Anthropic released Claude Fable 5 on June 9, 2026 — a Mythos-class model made generally available. Launch benchmarks: 95% SWE-bench Verified, ~80% SWE-bench Pro. We ran four first-party eval rounds against Opus 4.8 in Claude Code within 24 hours. Here are the receipts, the pricing math, and the routing guide.
TL;DR: Anthropic released Claude Fable 5 on June 9, 2026 — a Mythos-class model made safe for general availability, while the unrestricted Claude Mythos 5 stays gated behind trusted-access programs. Launch numbers lead agentic coding: 95.0% SWE-bench Verified and ~80% SWE-bench Pro versus GPT-5.5's 58.6%. Pricing is $10/$50 per million tokens (input/output), 1M context, 128K max output — double Opus 4.8's standard rate. We didn't stop at the model card: within 24 hours we ran four head-to-head eval rounds against Opus 4.8 inside Claude Code, with published JSON receipts. The short version: Fable 5 wins on constraint precision and hard clean reasoning; Opus 4.8 keeps winning on situational judgment, accessibility craft, and speed. Routing guide below.
Claude Fable 5 is Anthropic's new flagship, released June 9, 2026. The model ID is claude-fable-5, and it ships as the default model in Claude Code. The unusual part is the lineage: Fable 5 is a Mythos-class model — per Anthropic, it shares its underlying capabilities with Claude Mythos 5, a model the company has kept out of general availability. Fable 5 is the version with safety classifiers attached; Mythos 5 itself remains limited to approved Project Glasswing and trusted-access customers.
Anthropic's launch post says Fable 5 exceeds every model the company has previously made generally available, with the lead widening as tasks get longer and more complex.

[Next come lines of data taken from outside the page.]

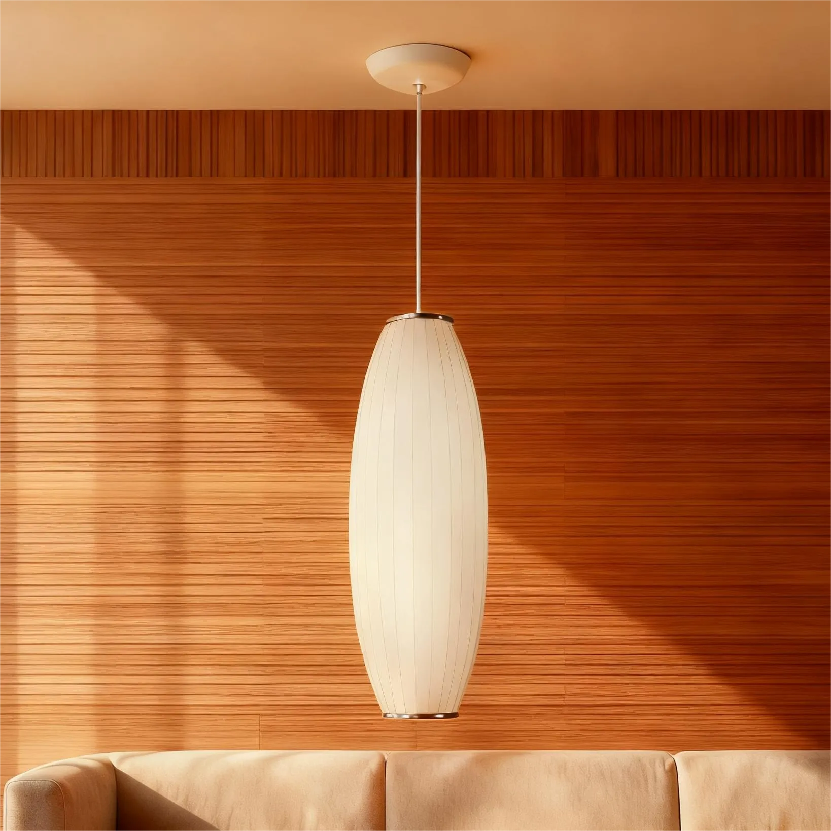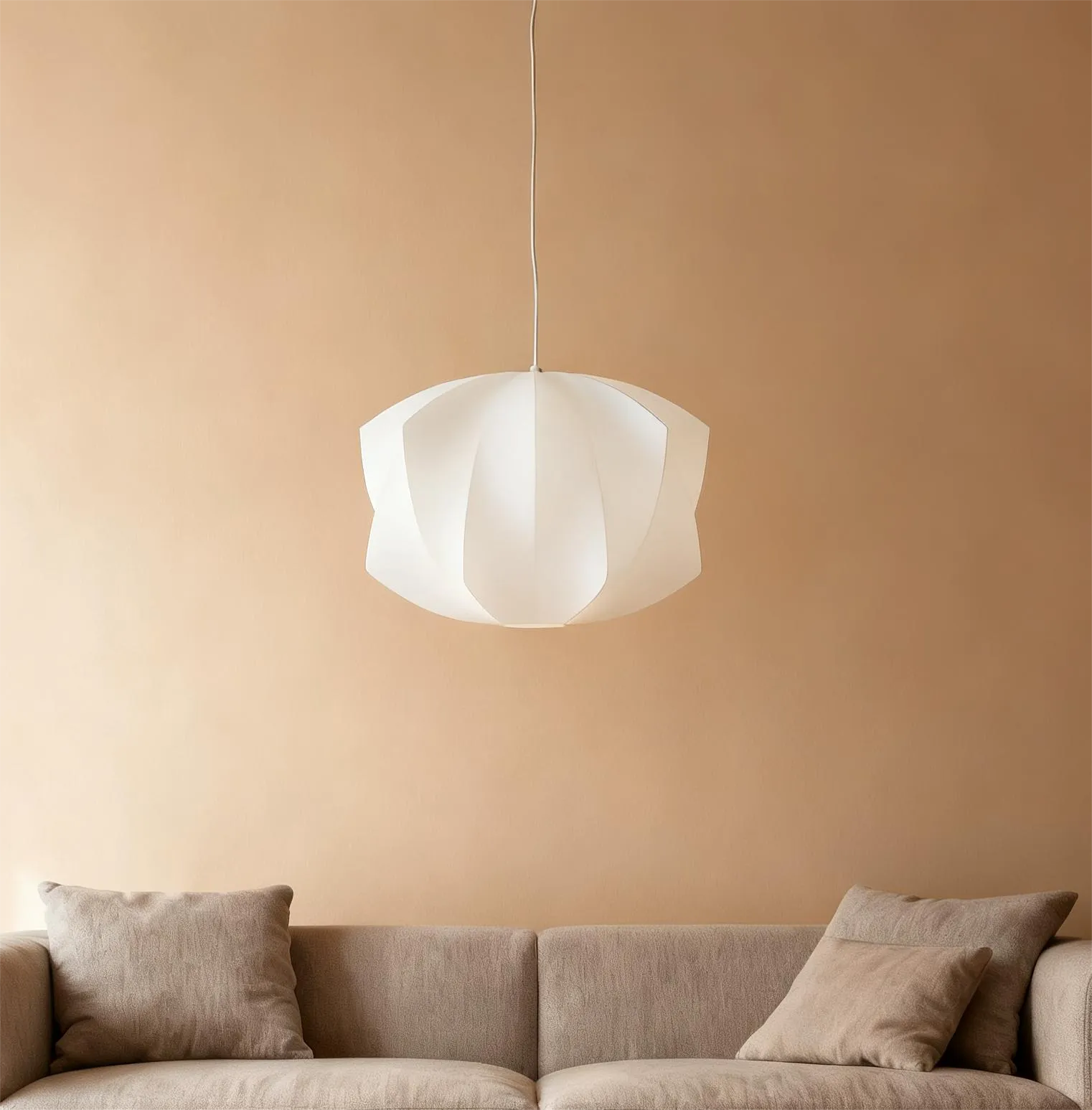 Its simple design and premium silk fabric material create a calming ambiance while adding a refined texture to your living room. The pendant light provides soft, even illumination, enhancing the comfort of your living area. We offer different sizes and styles, making it suitable for living room while adding a touch of simple elegance.
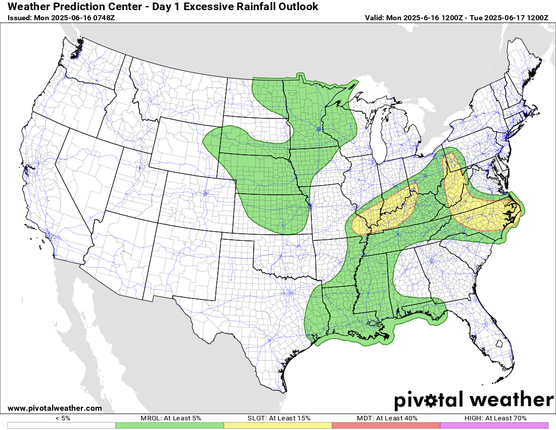 The next couple of days will continue to see a threat of locally heavy rainfall across the central Appalachians and Mid-Atlantic ahead of the remnants of the upper low that caused the flash flooding in Texas last week. If the heaviest rain falls in a particularly vulnerable area like happened over the weekend in Wheeling and Fairmont, significant impacts could again occur.
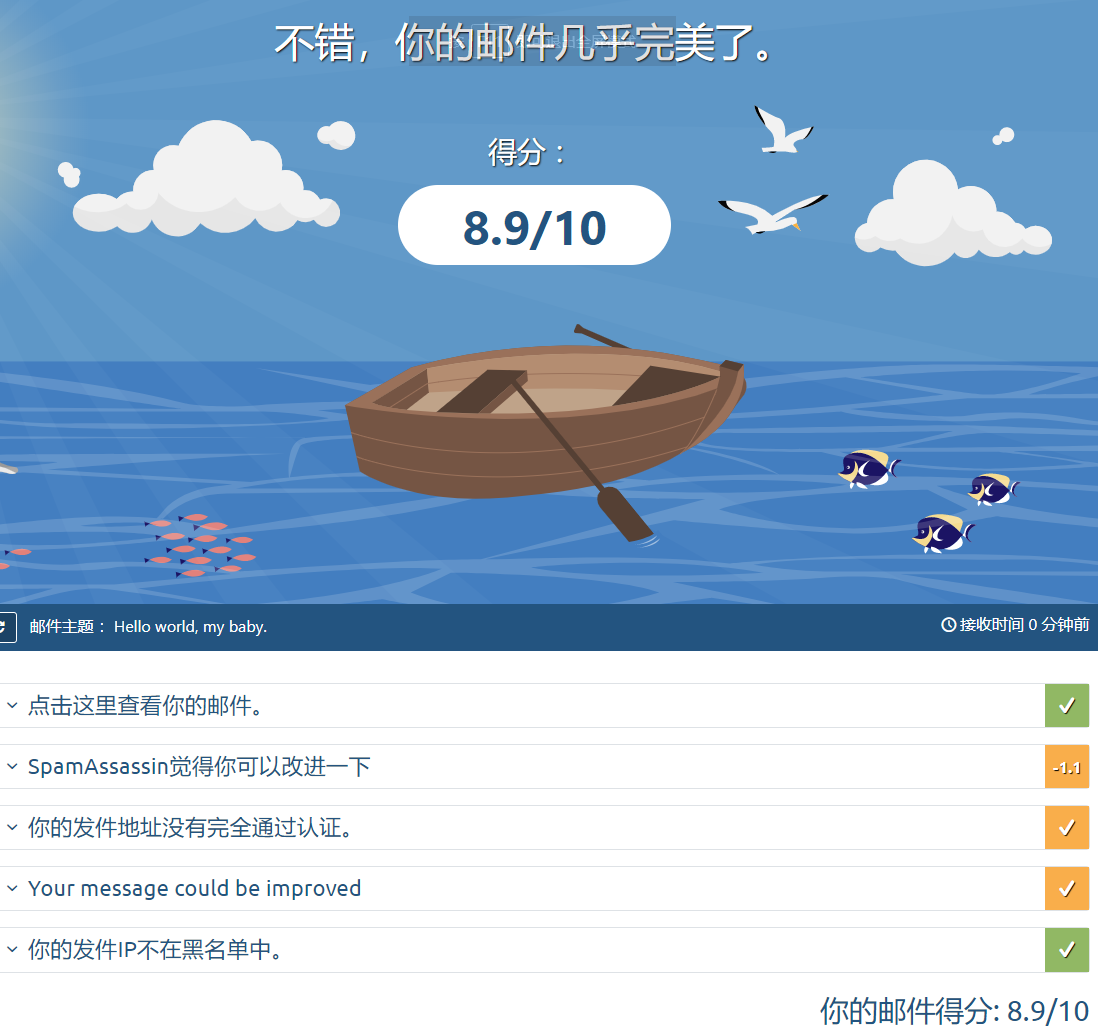 7. 访问https://www.mail-tester.com/并向生成的邮箱发送邮件,然后查看分数
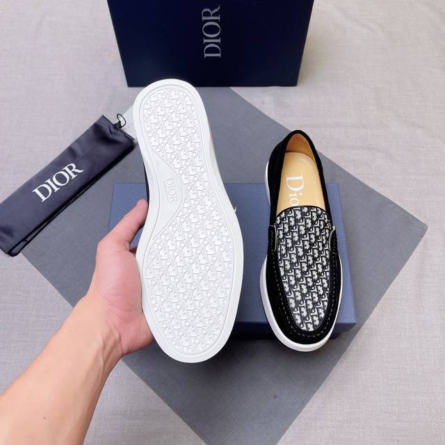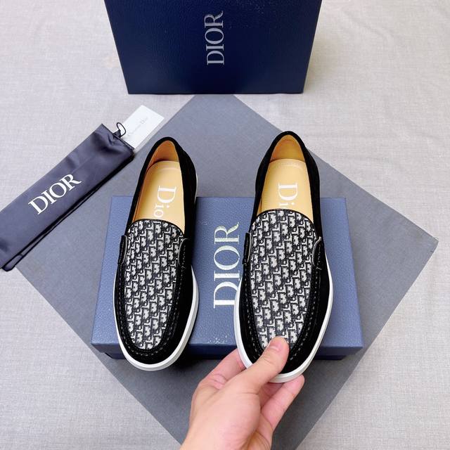 d~R男士经典乐福皮鞋,便鞋款式设计,方便穿脱。采用原版印花帆布拼接牛皮精心制作,与 Shawn Stussy 携手打造,饰以橡胶凹凸鞋底及黄铜和珐琅材质的 Dio* And Shawn 标志。可搭配休闲服装或西装穿着。
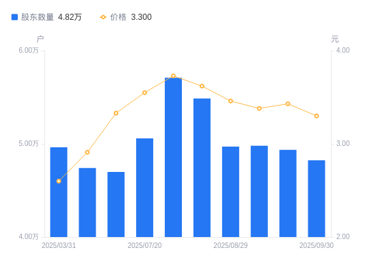 近一年(2024年9月30日至2025年9月30日),重庆建工A股股东户数从4.08万户,增加至4.82万户,增幅18.32%,区间股价上涨31.47%。
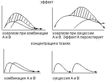 (A.J. Triolo, J.M. Coon, 1966) Для обозначения всех форм эффектов, развивающихся при совместном действии химических веществ, не зависимо от их строения и вида подвергающейся воздействию биологической системы, используют термин - коергизм. Проявления коергизма возможно как вследствие одномоментного (комбинация), так и последовательного (сукцессия) действия веществ на организм (рисунок 1).

That's a testable claim, and the launch-window numbers back the agentic-coding half of it convincingly.
Three facts to anchor on:
claude-fable-5 — a drop-in string swap in the API and the default in Claude Code.The launch-window figures, all vendor-claimed until third parties reproduce them:
| Benchmark | Fable 5 | Field |
|---|---|---|
| SWE-bench Verified | 95.0% | — |
| SWE-bench Pro | ~80% | GPT-5.5: 58.6% · Gemini 3.1 Pro: 54.2% |
| CursorBench (max effort) | 72.9% | — |
| FrontierCode (Diamond + Main) | leads both subsets | — |
The SWE-bench Pro gap is the headline. A 21-point lead over GPT-5.5 on a contamination-resistant agentic-coding benchmark is not a rounding error — it's a generation gap, if it holds up under independent reproduction. For how these models stack across the rest of the field, see the frontier model landscape and the FrankX models tracker.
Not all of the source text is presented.